**Work to complete**
All that is wanted is the exact text of the lines below from the one with "This jewelry box" through the one with "[리빌모아]남자 베이직 왕골지 라운드 긴팔 니트티 5C-KN-Q108-차콜", inclusive, minus any pictures.
+++ Task inputs +++
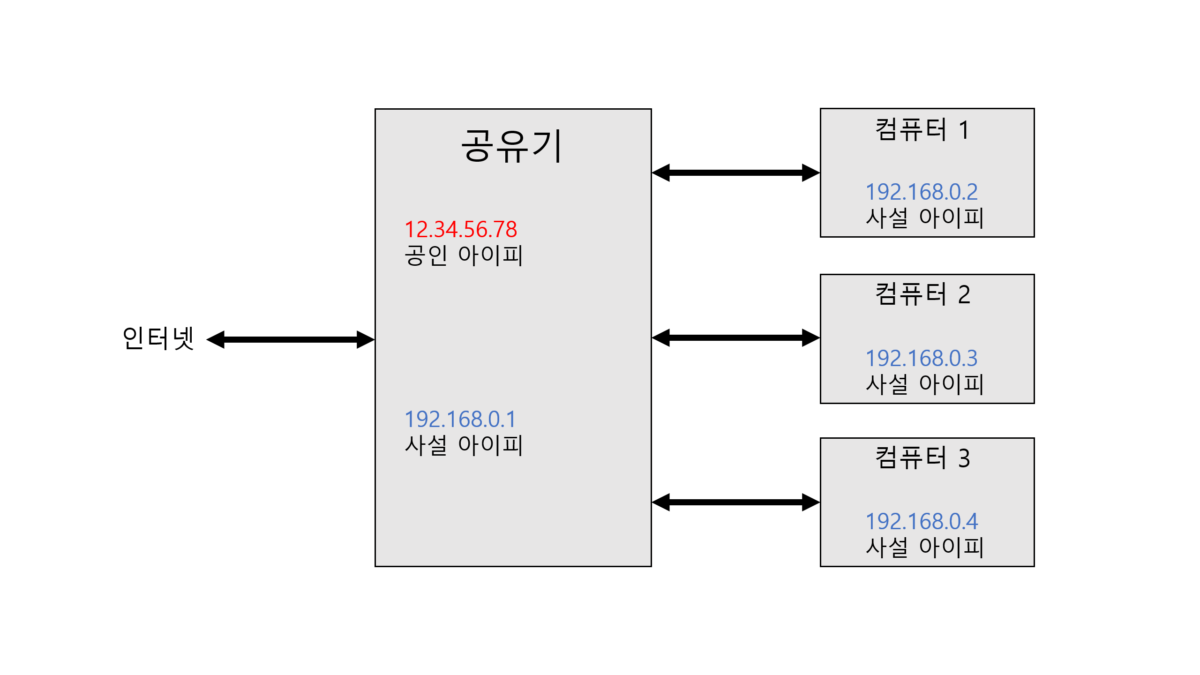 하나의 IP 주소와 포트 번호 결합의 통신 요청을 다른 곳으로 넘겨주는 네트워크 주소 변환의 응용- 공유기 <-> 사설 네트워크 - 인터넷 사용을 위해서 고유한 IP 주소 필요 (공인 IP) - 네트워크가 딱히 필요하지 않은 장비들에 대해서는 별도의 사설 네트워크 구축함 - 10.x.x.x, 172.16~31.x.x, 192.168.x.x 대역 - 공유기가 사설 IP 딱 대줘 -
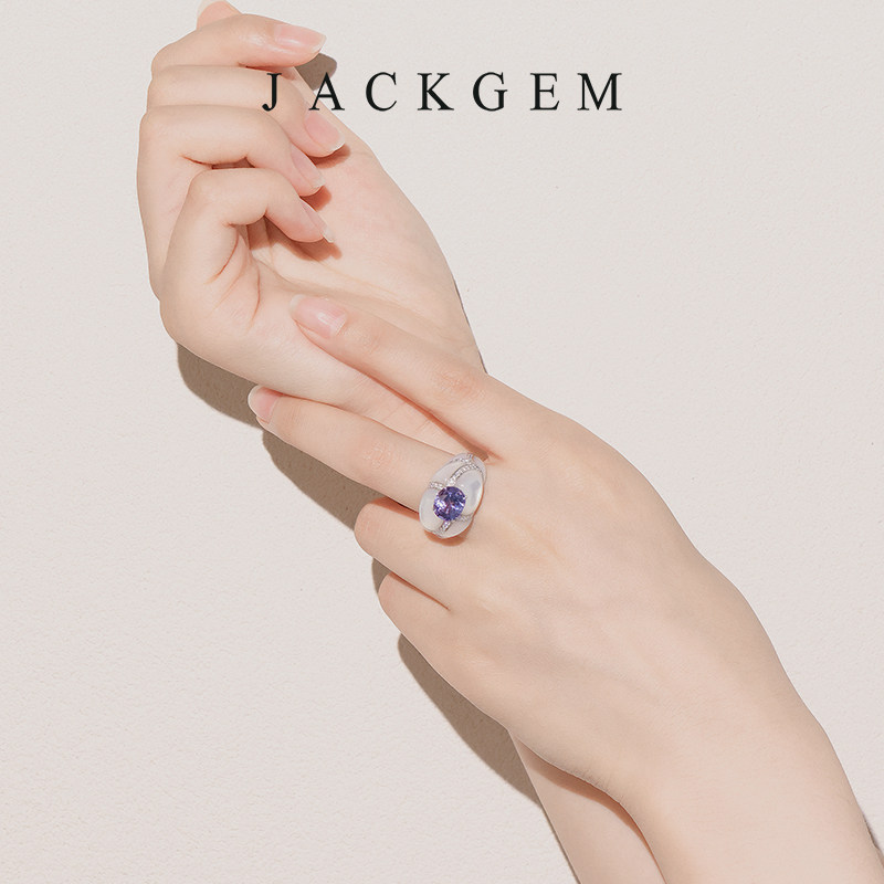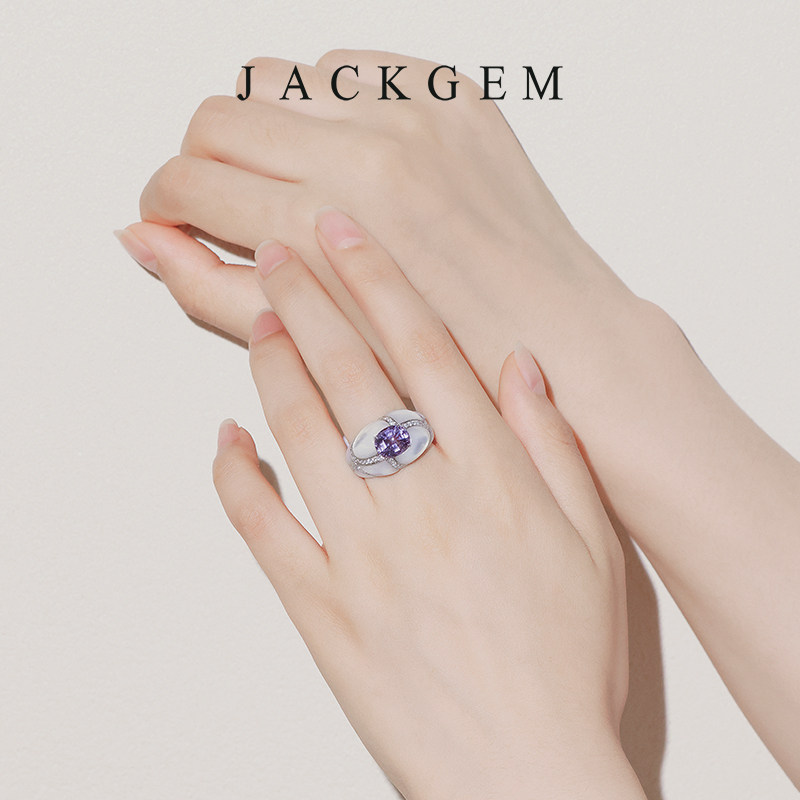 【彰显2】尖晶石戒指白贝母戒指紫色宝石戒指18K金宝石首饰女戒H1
+++
+++ Task inputs +++
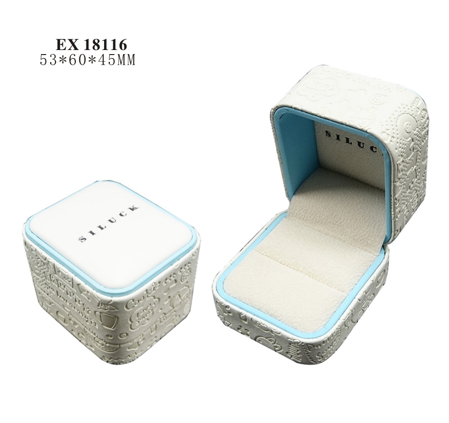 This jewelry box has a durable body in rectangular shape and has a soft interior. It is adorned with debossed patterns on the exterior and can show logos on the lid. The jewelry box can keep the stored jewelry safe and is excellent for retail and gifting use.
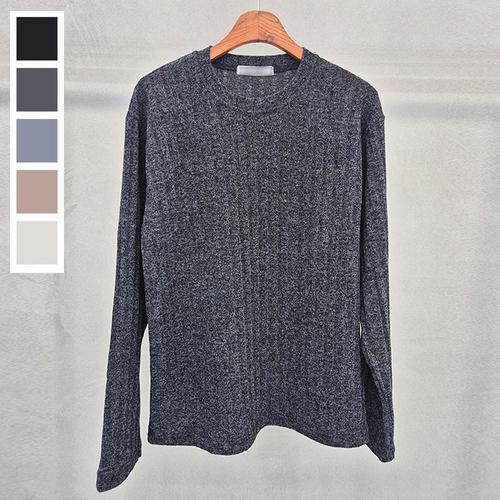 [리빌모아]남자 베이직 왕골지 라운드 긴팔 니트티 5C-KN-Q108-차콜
+++
**Output for this task**
 This jewelry box has a durable body in rectangular shape and has a soft interior. It is adorned with debossed patterns on the exterior and can show logos on the lid. The jewelry box can keep the stored jewelry safe and is excellent for retail and gifting use.
 [리빌모아]남자 베이직 왕골지 라운드 긴팔 니트티 5C-KN-Q108-차콜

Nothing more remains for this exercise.